Archive | 17 juin 2020

Toffee et moi de Sarah Crossan

Présentation de l’éditeur :

Allison s’est enfuie de chez elle. Elle n’a nulle part où aller. Un peu par hasard, elle trouve refuge chez Marla, une femme qui pense la reconnaître et qui pourtant l’appelle « Toffee » . Allison cherche à oublier, Marla veut se souvenir. Alors, le temps de trouver un nouveau toit, de guérir de ses blessures, la jeune femme accepte d’être Toffee. Et en dépit du mensonge, une amitié tendre et fragile naît entre les deux femmes.
Peu à peu, la chaleur d’un foyer, d’une famille choisie, renaît.

Merci à Netgalley et aux éditions Rageot pour leur confiance.

Mon avis :

Lire ce roman, c’est tout d’abord retrouver la prose troublante de Sarah Crossan – prose, poème, la frontière est mince pour qualifier cette oeuvre. La délicatesse de l’écriture ne peut pas faire oublier la dureté des sujets abordés. Toffee et moi est un roman féminin, et nous suivons Allison, dans sa fuite pour survivre. Elle cherche, d’abord, sa belle-mère qui elle aussi a fui. Ce qui m’a questionnée est surtout comment Kelly-Ann a pu tenir aussi longtemps – pour Allison ? Mais Kelly-Ann n’est pas là, plus là, Allison doit donc se débrouiller – survivre, à nouveau.

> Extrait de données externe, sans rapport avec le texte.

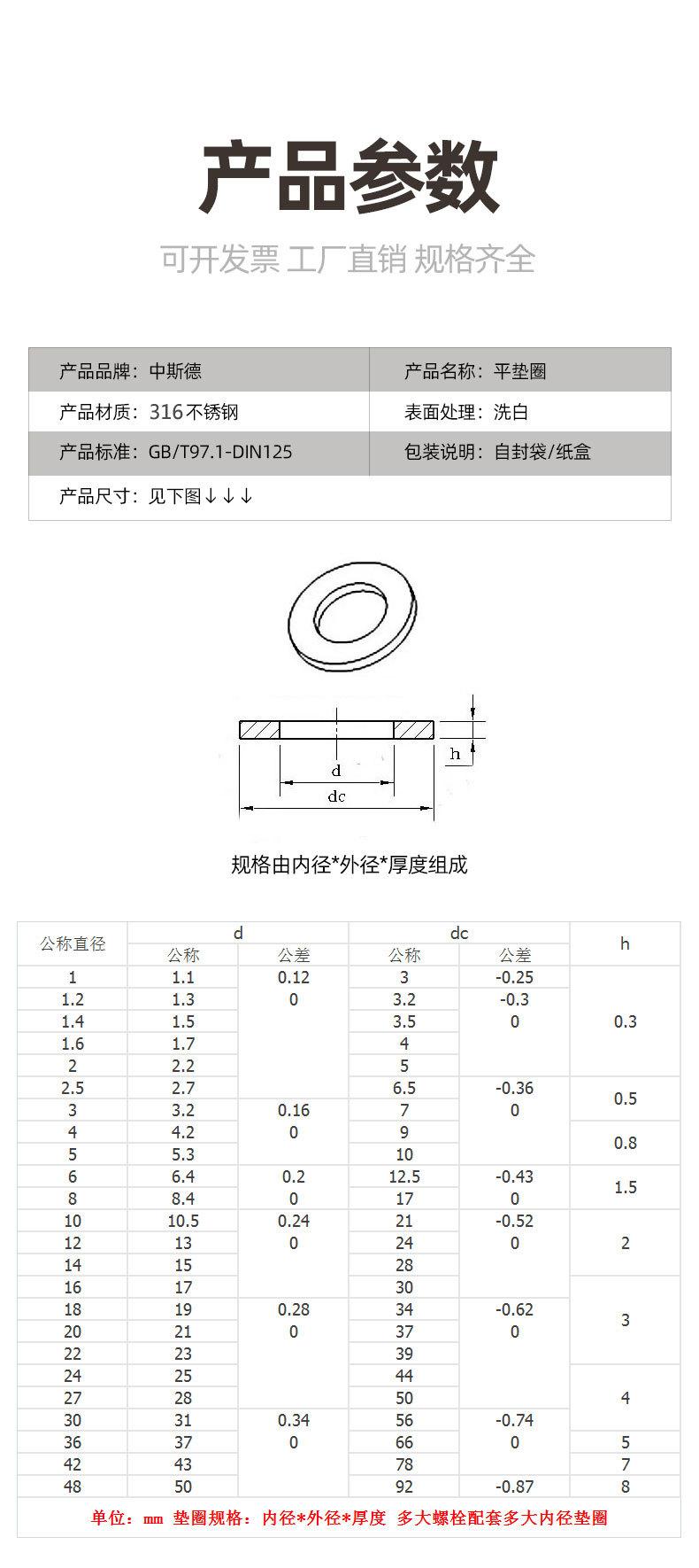 En stock DIN125/316 acero inoxidable arandela plana arandela plana antioxidante antiaflojamiento arandela de lámina de acero mesón M1.6-M36

Elle rencontre Marla, Marla qui vit quasiment seule, entre aide-ménagère qui vient mais ne comble pas la solitude, et fils qui passe, parfois. Marla perd la tête, comme on dit familièrement, Marla souffre de démence sénile, comme on dit techniquement. Marla oublie, et pourtant, Marla se souvient, parfois, elle se souvient de Mary, sa fille, elle se souvient de Toffee, et pourtant, Marla n’a pas vu, n’a pas échangé avec Toffee depuis longtemps. Mais pour elle, aujourd’hui, Toffee est là, et Allison accepte d’être Toffee – contre un toit, un peu de chaleur, un peu d’amitié aussi.

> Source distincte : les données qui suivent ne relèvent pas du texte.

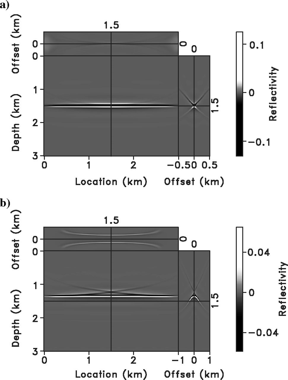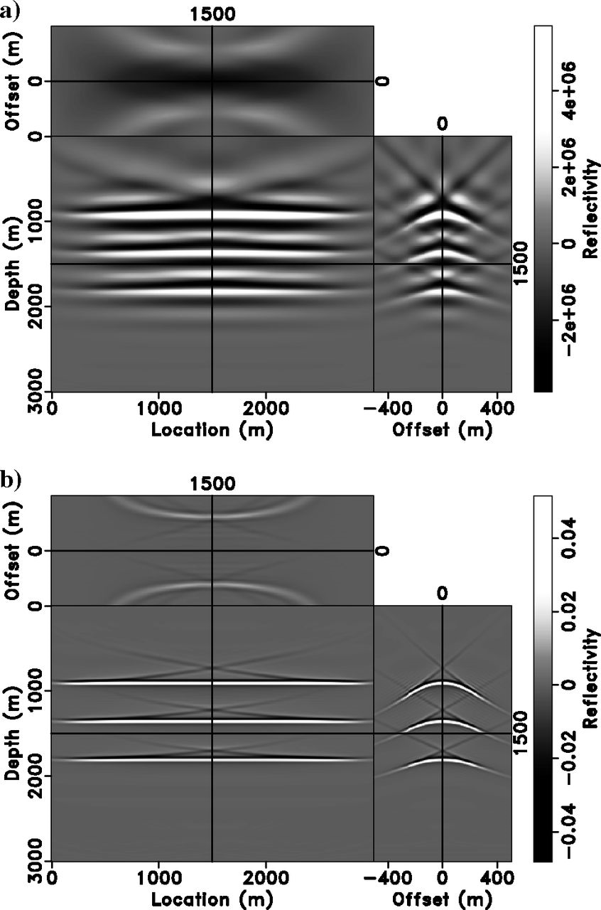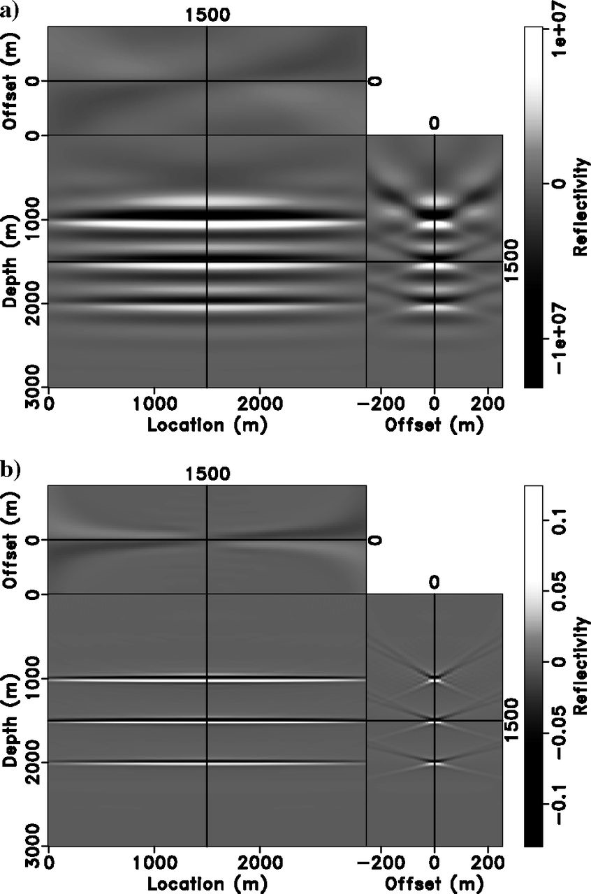 where \(I(\mathbf{x}, h)\) is the extended image from either RTM (\(\bar{F}^*\)) or the approximate inverse (\(\bar{F}^\dagger\)).

Le récit se passe au bord de la mer, un lieu dont on ne peut s’échapper, parce que l’on est au bout de tout, mais un lieu aussi, dont on part traditionnellement – par la mer.

Même si le récit est servi par une très belle écriture, il devient très dur à lire au fur et à mesure que nous découvrons l’ampleur du calvaire d’Allison, le cheminement aussi qu’elle a suivi pour comprendre qu’elle n’était pas responsable de ce qu’elle subissait. Les mécanismes mis en oeuvre par le parent-bourreau pour culpabiliser l’enfant, ainsi que les mécanismes que met au point l’enfant pour le protéger vis à vis de l’extérieur sont très bien montrés, par petites touches. Oui, les services sociaux peuvent passer à côté, les pires violences ne sont pas toujours visibles, et quand elles le sont, les enfants peuvent être suffisamment grands pour savoir comment les dissimuler.

L’espoir est-il au bout du chemin ? Peut-être. La volonté de s’en sortir pleinement, oui, de dire enfin. Pas toujours facile.